Access tokens (like JWTs) are stateless and typically short-lived. Once issued, you can’t revoke them unless you maintain state, which defeats their purpose.
Refresh tokens introduce state - typically stored securely server-side or with a trusted auth provider. This allows:
Revocation (e.g. on logout or suspicious activity)
Rotation (Detect and mitigate replay attacks)
Longevity (potentially infinite token lifetime, offering superior UX)
A reasonable concern is that refresh tokens are inefficient because you need a DB lookup. But that’s misleading:
Access tokens hit your APIs hundreds of times per session.
Refresh tokens are used once every 5-15 minutes - or less.
In a typical setup, an access token might be used in 100+ API requests before a refresh token needs to be checked once. Meanwhile, the added benefits like revocation and session control far outweigh this minor overhead which you can always optimize away with in-memory stores or token hashes.
Of course, like I mentioned: a refresh token isn’t a magic bullet. If it’s stolen, you’re still in trouble.
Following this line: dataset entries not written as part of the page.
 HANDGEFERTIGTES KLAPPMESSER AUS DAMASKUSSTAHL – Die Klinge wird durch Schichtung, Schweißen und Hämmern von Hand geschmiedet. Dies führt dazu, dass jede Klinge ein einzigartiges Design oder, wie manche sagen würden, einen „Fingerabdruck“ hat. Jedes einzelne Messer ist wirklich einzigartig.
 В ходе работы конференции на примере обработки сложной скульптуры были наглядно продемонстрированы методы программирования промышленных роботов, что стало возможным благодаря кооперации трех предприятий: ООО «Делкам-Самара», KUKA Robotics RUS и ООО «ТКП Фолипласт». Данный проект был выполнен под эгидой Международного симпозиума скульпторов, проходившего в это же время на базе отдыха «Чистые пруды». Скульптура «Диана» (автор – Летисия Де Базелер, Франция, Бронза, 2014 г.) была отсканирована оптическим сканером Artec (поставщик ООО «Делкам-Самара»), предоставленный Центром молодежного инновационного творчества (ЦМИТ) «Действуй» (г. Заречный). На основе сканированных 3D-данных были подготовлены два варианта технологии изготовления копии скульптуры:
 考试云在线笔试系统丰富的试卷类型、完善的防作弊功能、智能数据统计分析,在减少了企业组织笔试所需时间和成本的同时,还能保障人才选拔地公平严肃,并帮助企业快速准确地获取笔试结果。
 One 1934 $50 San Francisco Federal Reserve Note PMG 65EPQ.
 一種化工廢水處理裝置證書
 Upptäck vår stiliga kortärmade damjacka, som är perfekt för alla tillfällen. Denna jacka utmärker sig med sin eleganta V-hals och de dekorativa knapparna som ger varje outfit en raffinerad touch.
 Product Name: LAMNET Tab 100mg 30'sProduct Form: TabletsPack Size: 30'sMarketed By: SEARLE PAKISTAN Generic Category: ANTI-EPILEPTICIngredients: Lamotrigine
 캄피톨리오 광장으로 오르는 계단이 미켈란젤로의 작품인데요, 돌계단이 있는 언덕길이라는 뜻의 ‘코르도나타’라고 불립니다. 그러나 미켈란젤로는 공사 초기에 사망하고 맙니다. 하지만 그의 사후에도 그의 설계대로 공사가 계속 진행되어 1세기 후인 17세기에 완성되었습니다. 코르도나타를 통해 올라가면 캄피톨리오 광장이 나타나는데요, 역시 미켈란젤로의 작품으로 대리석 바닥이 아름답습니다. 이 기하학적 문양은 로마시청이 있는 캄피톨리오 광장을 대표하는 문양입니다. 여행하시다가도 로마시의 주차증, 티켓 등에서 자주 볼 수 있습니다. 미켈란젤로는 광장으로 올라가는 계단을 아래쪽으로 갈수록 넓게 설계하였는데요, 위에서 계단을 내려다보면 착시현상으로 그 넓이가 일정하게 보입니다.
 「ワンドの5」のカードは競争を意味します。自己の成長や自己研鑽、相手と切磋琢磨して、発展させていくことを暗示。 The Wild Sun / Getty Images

That’s why good security practices are key:
The tokens must be stored securely (e.g.
HttpOnly,Securecookies for web apps)Use rotating refresh tokens (issue a new one every time it’s used and invalidate the old one)
Associate additional metadata like user agent, IP, client info, app version, rough geo-location with refresh tokens and cross-reference when revalidating.
Implement heuristics to detect refresh token reuse, or other suspicious activity if there is mismatch in metadata
Modern users don’t want to log in every day. They want to:
Stay signed in across tabs and sessions.
Re-authenticate only when doing sensitive things (eg. changing passwords)
See what devices are signed in and revoke them individually
All good authentication systems have similar implementations in place, but they also have years of iteration, battle-testing, and real-world attack resilience baked into them. This is why you shouldn’t build your own authentication system unless of course you’re fully prepared to replicate the depth of security considerations that platforms like Auth0, Firebase Auth, Cognito, or Supabase handle out of the box, elements that we have covered in this article - and then some.
If you’re rolling your own auth, treat it with the same product rigor you give your main offering. Otherwise, outsource it to someone who does because anything less, is a liability.